A limitation in this study was its design, with two groups examined via different imaging methods instead of a paired design with all patients examined via both MRI as US. The latter method would have lowered the risk of selection bias.

However, the differences in patient and tumor characteristics between the groups were small and mainly nonsignificant. A significant difference in age and BMI in the two groups was found, but this difference still was small and not considered to affect the evaluation of the imaging. Furthermore, the patients were allocated to treatment based on their municipality and not on their voluntary choice of hospital because both breast centers are highly specialized with similar diagnostic procedures.

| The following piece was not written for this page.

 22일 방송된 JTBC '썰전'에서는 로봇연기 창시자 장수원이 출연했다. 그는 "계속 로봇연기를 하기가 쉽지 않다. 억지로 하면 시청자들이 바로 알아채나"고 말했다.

Also, the user-dependent aspect of handheld US should be considered, although in the current study only breast-trained radiologists with high expertise performed US. The void artifact caused by the coil in the MRI measuring about 10 mm also was a notable consideration because this could have caused higher rates of false-negatives in the MRI group. A strength of the study was the definition of pCR (ypT0) that did not accept the remains of DCIS in the breast according to the clinical precautions of surgical practice.

The number of days between the last imaging and surgery was due to logistical structures of the clinical practice in the centers and could have caused further shrinkage and eradication of tumors, although no difference was observed between the US and MRI groups, and this interval was therefore considered to affect the groups equally. The number of days between the last imaging and surgery also would cause the imaging methods to overestimate tumor size more often, as seen in our study.

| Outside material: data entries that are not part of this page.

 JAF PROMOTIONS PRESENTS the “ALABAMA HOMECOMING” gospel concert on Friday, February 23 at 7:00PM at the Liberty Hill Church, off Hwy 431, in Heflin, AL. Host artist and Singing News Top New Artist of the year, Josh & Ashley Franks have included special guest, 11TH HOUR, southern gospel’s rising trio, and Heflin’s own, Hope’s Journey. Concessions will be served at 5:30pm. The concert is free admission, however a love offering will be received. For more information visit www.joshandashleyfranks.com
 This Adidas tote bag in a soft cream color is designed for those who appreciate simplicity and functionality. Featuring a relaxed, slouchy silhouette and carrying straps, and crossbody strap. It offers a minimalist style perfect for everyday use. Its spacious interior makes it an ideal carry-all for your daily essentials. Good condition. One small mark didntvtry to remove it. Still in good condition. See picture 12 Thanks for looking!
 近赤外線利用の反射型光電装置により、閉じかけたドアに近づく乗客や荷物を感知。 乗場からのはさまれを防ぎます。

For patients with pCR, surgery in the breast is redundant. In attempts to avoid surgery for complete responders, neither MRI nor US were able to predict pCR in a way that surgery could be safely omitted. From this study, it was not possible to determine subgroups with higher predictability from the imaging methods. For omission of surgery in selected breast cancer patients after NACT, an important step is to compare the prediction of pCR in subgroups, especially the ER−/HER2− and ER−/HER2+ subgroups because they are known to have the highest rates of pCR and a better correlation between MRI and pathology.9 We found the estimates of the subgroups to be inconsistent with relatively large confidence intervals, which is why further comparison of the subgroups was not performed. Larger studies are needed for possible comparison and identification of subgroups with both a good response and good prediction of pCR.

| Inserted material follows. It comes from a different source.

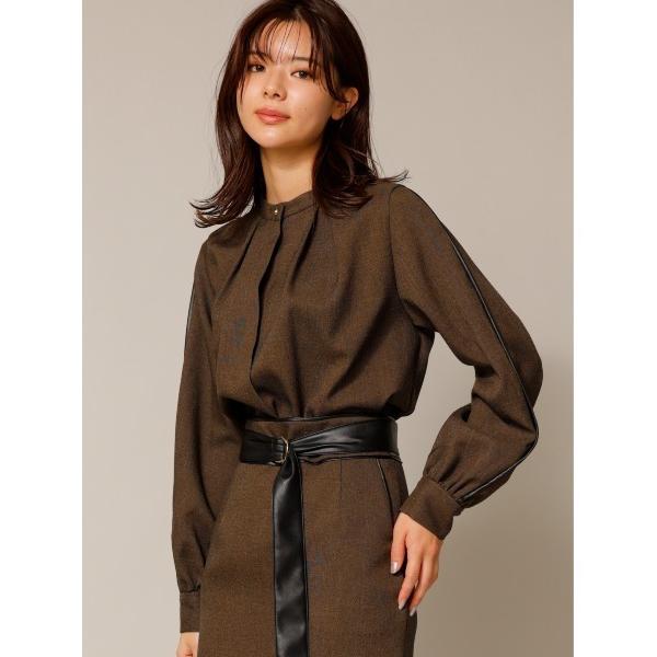 着用衣装 ① トーナル 『ツイードライクハイネックレザーパイピングブラウス』

In future studies, the accuracy of MRI could be further enhanced by minimizing the coil artifact via careful selection of coils. Also, biopsy techniques in addition to imaging have been suggested by several studies as a way to attempt an increase in the predictability of pCR.13,14,35,36,37 A recent study by Lee et al.38 stated that MRI findings indicating complete eradication of tumor combined with US-guided preoperative biopsies could help raise the prediction of pCR (NPV) to 87.1 %, which is higher than both the US and MRI findings in this study. The results from our study, based on a large study population, support the use of MRI in such studies.

Conclusion

In summary, to date, patients receiving NACT cannot avoid surgery, but MRI should be the imaging method used for optimizing and further improving the diagnostic accuracy of pCR prediction. Compared with US, MRI was significantly more specific in predicting pCR, although still not high enough to be a valid predictor of pCR for omission of surgery. The NPV was comparable between US and MRI. In future studies, MRI should be chosen as the preferred imaging method for a more accurate prediction of pCR. No subgroup in the current study showed a significantly higher specificity or NPV considering the relatively small number of patients in the groups. Larger subgroups are required for further studies.